# 3D Design / 3D Scanning / 3D Modeling > 3D Modeling, Design, Scanners >  IdeaMaker 3D Slicing Software

## Brian_Krassenstein

The 3DPrint.com team has been having a blast at CES, getting to hear about the latest goings on. Eddie had the chance to talk with Joseph Chiu, co-founder of ToyBuilder Labs, to hear about the newly unveiled slicing software ToyBuilder Labs developed with FusionTech. The software was unveiled onstage at CES, and is a free-to-download slicing software called ideaMaker. The software is adaptable for both novices and experienced 3D printer users, offering model editing, printing settings, and different setting templates for individual models.

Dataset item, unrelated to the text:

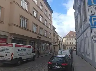Na severní straně ulice se nachází boční strana radnice a dům č. 2., bývalá renesanční kovárna.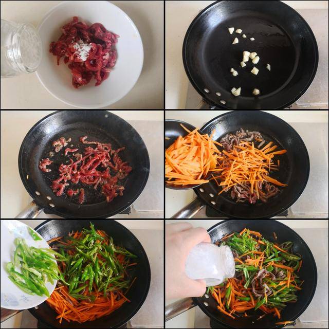 制作过程: 将准备好的牛里脊肉、青椒和胡萝卜分别切成细丝备用。牛里脊肉丝加入少许盐、淀粉、生抽、料酒和姜末等调味料拌均匀腌制五分钟备用; 烧热锅放入适量的油,加入腌制好的牛肉丝放进锅中翻炒至变色,加入准备好的胡萝卜丝放进锅中翻炒至微微发软,加入青椒丝放进锅中翻炒至变色,加入少许盐调味,翻炒均匀即可。

For more details on ideaMaker's capabilities, check out what sets it out from the rest of the pack in the full article: http://3dprint.com/36216/ideamaker-3d-slicing/


Below is a look at the ideaMaker software:

----------


## beerdart

Very cool works good only problem I see is editing the start G code

----------


## beerdart

Was able to edit in notepad CandP

----------


## old man emu

Before you use this software, you have to set it up for the printer that is going to use the code. 

You will need to know your extruder X and Y offset and your E-steps.


Eddie,
Next time you see Joseph, please ask him to have his website text proofread by a person whose first language is English. If you hold him and his products in high regard, then tell him that poor English text on his website detracts from the quality of his products. 

Having insulted his website, I will now go and, on your recommendation, be amazed by his software.

Old Man Emu

----------


## drop.alot

The whole layout is the same as WanhaoMaker for wanhao duplicator 5 series. 

All in all, it has the same features as other slicing engine exepct two.  Cutting/seperat a part and Fix the stl file. Which I found very needed for other slicing software.

----------